В Модерне, при всём его критицизме, есть проблемы с самокритикой, не говоря о самоиронии, но все же есть и защита от срывов. В России этот предохранитель сломан. Здесь испытали на себе (и не только) всю силу темной стороны Модерна, став в этом смысле «гиперсовременными». Но вместе с тем и «недосовременными»: позитивная работа Нового времени, связанная с обновлением и свободой, законом и правом, наоборот, осталась недоделанной, вплоть до рудиментов немыслимой архаики. Поэтому и выход из тоталитаризма у нас такой затяжной, частичный и обратимый. Мы вызывающе игнорируем рекомендации сэра Уинстона Черчилля: «Если вам нужно пройти сквозь ад, проходите не останавливаясь». (Ср. у Василия Мельниченко, уральского фермера, члена КГИ, эсквайра: «Страшно не то, что страна в заднице, страшно то, что она там обустраивается»).

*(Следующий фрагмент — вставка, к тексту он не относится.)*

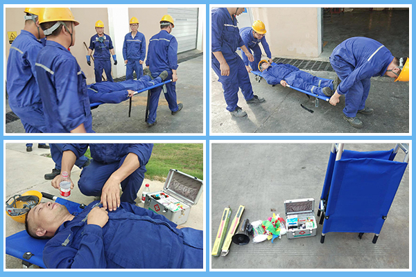 首先部門安全員對參演人員宣讀中暑事故應急演練實施方案步驟,要求參演員工嚴格遵守演練紀律,熟悉救援流程,并將擔架、醫藥箱、急救藥品、器材若干等演練物資配置到位,確保演練安全有序地進行。
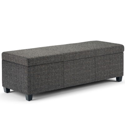 Hand constructed using solid wood, engineered wood and high density foamUpholstered with a durable Cloud Grey Linen Look FabricFeatures large interior storage space with child safety hinge to prevent lid slammingMultifunctional ottoman can be used as accent furniture or to provide additional seating in a bedroom, living room, or family room, or in a hallway as an entryway benchContemporary design includes stitching detailSimple assembly; just attach legsDimensions: 48inW x 18.1inD x 16.1inHEfforts are made to reproduce accurate colors, variations in color may occur due to computer monitor and photography
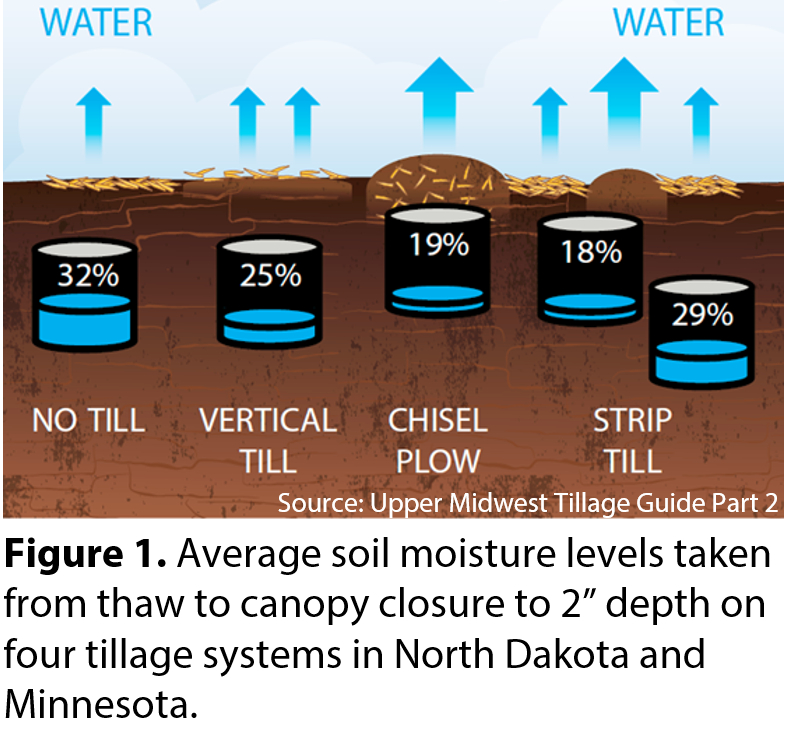Any type of tillage results in higher evaporative water loss compared to untilled soil (Figure 1). Each cultivator pass in the spring can remove approximately 10-12 mm of water from the soil.
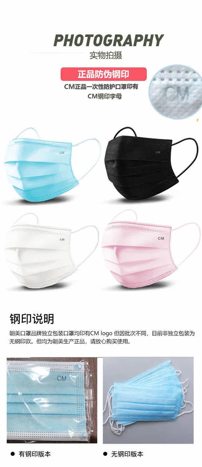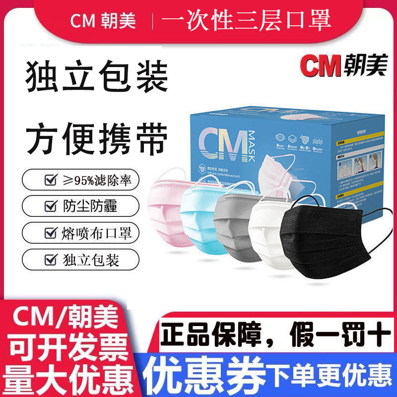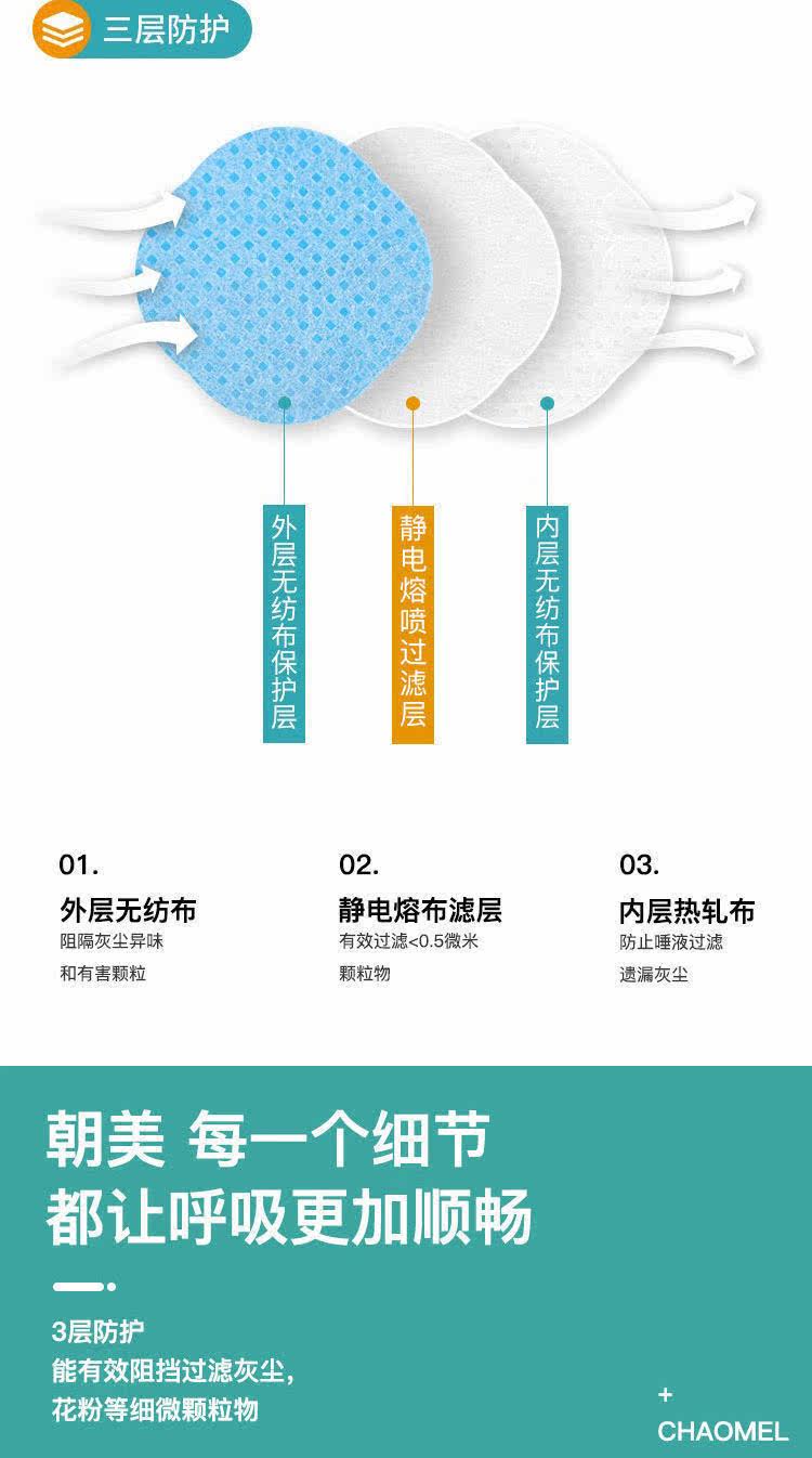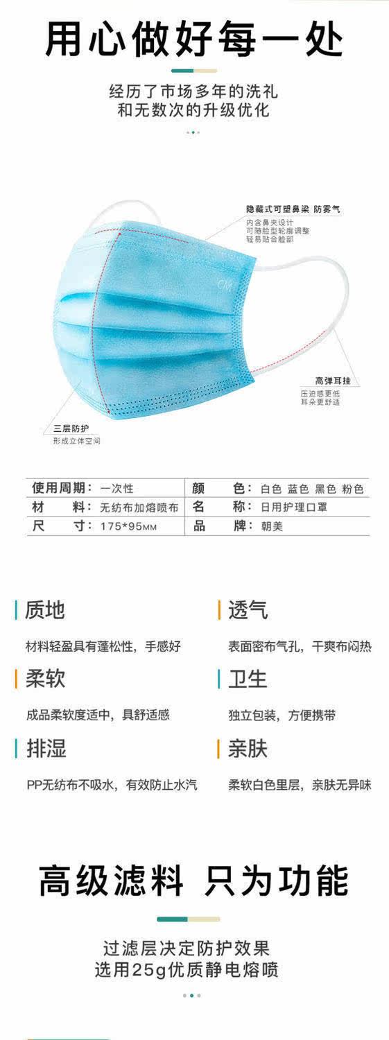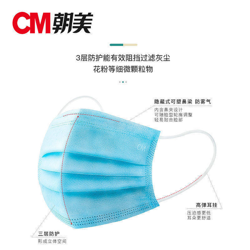 朝美 Одноразовая синяя ультратонкая дышащая медицинская маска для взрослых

Временной разрыв в сознании рождает опасный гибрид. Тёмные люди, корча из себя мировых джедаев, начинают размахивать «световыми мечами», пугать себя и всех радиоактивным пеплом, забывая пахать и строить, не говоря о законе, праве, справедливости и свободе, о своём и чужом достоинстве. Тот же фермер: «Россия производит впечатление великой державы — и больше ничего не производит». Новейшие техники манипуляции массами накладываются на ритуалы и мифологию островных аборигенов. Средства массового поражения сознания плюс ядерный потенциал, Верхняя Вольта с гранатой.

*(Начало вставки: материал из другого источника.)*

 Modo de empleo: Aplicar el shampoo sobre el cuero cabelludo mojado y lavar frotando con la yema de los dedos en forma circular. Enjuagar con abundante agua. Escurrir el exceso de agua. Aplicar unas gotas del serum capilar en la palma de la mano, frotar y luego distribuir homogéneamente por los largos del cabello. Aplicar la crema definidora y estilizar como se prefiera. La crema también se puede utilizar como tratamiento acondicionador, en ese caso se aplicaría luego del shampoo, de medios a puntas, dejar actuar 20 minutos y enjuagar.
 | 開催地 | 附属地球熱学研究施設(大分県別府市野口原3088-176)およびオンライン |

Мы опять выпадаем из мировой повестки. Модерн не отменён, но стал другим, в том числе войдя в метасистему постмодерна. Теперь ищут уже и выход из постмодерна, явно зажившегося на этом свете со всей своей искусственной, а потому очень ограниченной «органичностью». Но Россия вновь вне времени. Она оставляет при себе худшее, что есть в некритично воспринимаемом Модерне. В условиях кризиса стране уже уготована взвинченная мобилизация с подавлением любых форм самоорганизации людей и процессов.

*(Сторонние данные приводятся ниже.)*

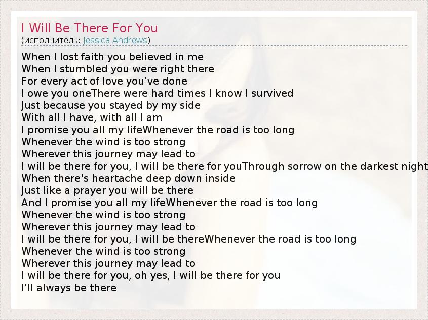 А как ты думаешь, о чем песня "I Will Be There For You" ?
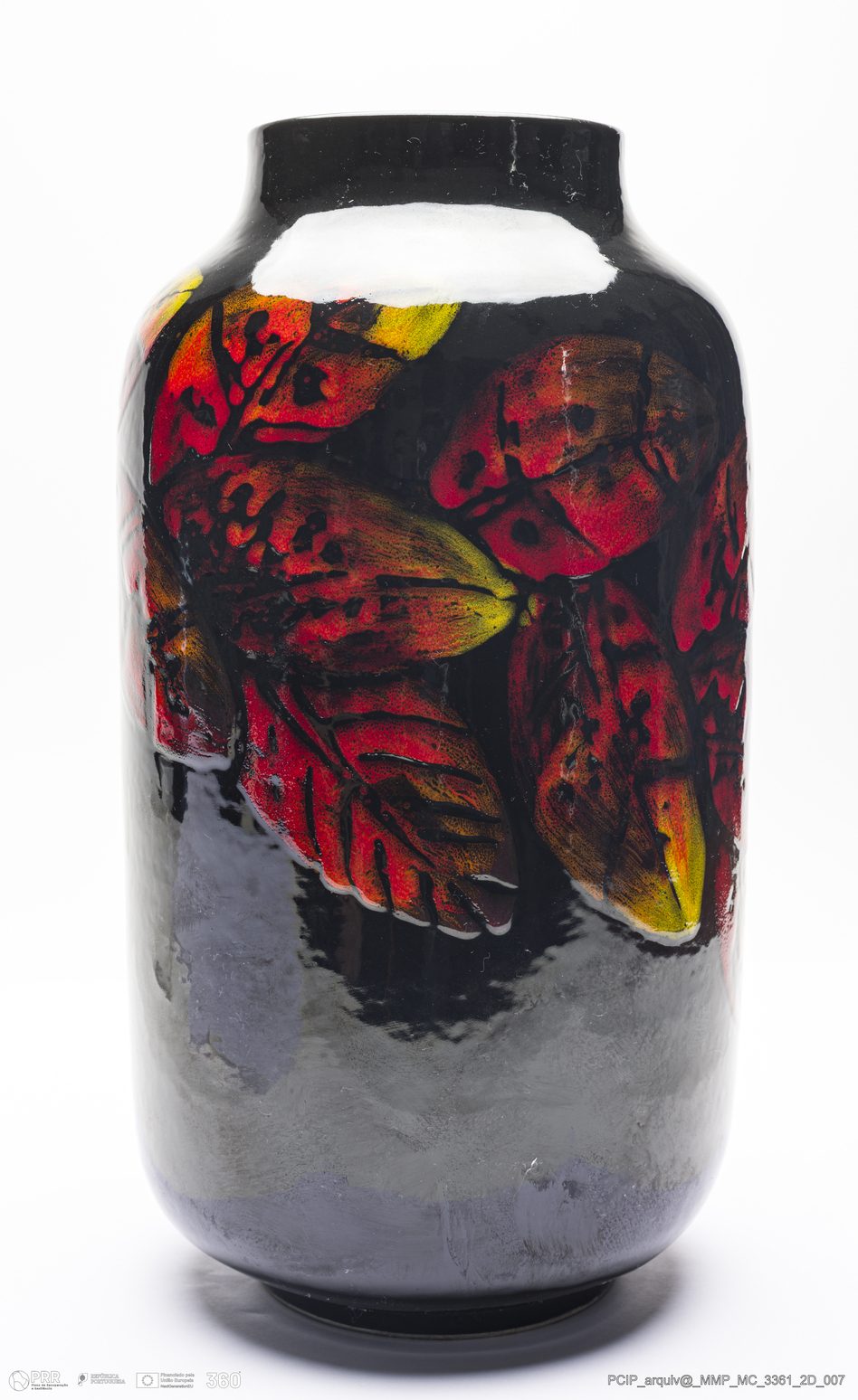 Matéria/Técnica: Faiança rodada. Vidrado polícromo: preto, castanho, vermelho, verde e amarelo; Cronologia: 1950-1960; Autoria: Raymor Bitossi / Itália; Dimensões (cm): Altura: 33,2; Diâmetro: 18,7.

Провалив попытку доделать работу Модерна, мы теперь падаем сквозь непрожитое толком Новое время назад, в какое-то уже вовсе не новое, доисторическое прошлое. Мракобесие и эпидемия запретов заставляют думать о Средневековье как о светлом времени поисков духа, цеховых свобод и университетской автономии. Не найдя места в глобальном мире, страна компенсирует провал изоляционизмом и круговой агрессией.

Чем больше ада во внешнем мире показывает телевизор, тем хуже ожидания уготованного нам здесь. Запад, породивший Модерн, но и смиривший его, опять вызывает в России зависть, реализуемую в уничижении несостоявшегося предмета страсти. Конструкцию описал ещё Марк Твен: «В настоящее время райские чертоги отапливаются радиаторами, соединенными с адом. Муки грешников усугубляются от сознания, что огонь, пожирающий их, одновременно обеспечивает комфорт праведникам».

Рождение постмодерна из духа современности

Затянувшееся разбирательство России с Модерном происходит с отставанием и задним числом, на фоне уже следующего глобального цикла. Постмодерн, пришедший на смену избыточному порядку, уже и сам набивает оскомину кудрявостью и капризами, вечной игрой, имитацией «естественности». Впору искать пути из тупиков постмодернизма, а мы до сих пор не можем ни нормально войти в Новое время, ни выйти из него.

Мир постмодерна опознается по новой эстетике: на место Больших Стилей пришло Большое Бесстилье. Право сочетать все со всем и предаваться радикальной эклектике стало равным и всеобщим. Кризис идеального: все слишком правильное, серьезное, совершенное и законченное под подозрением, фундаментализм нелеп и опасен. Пафос прогресса вызывает иронию и скепсис; история, когда-то насаженная на стрелу времени, объявлена «закрытым проектом».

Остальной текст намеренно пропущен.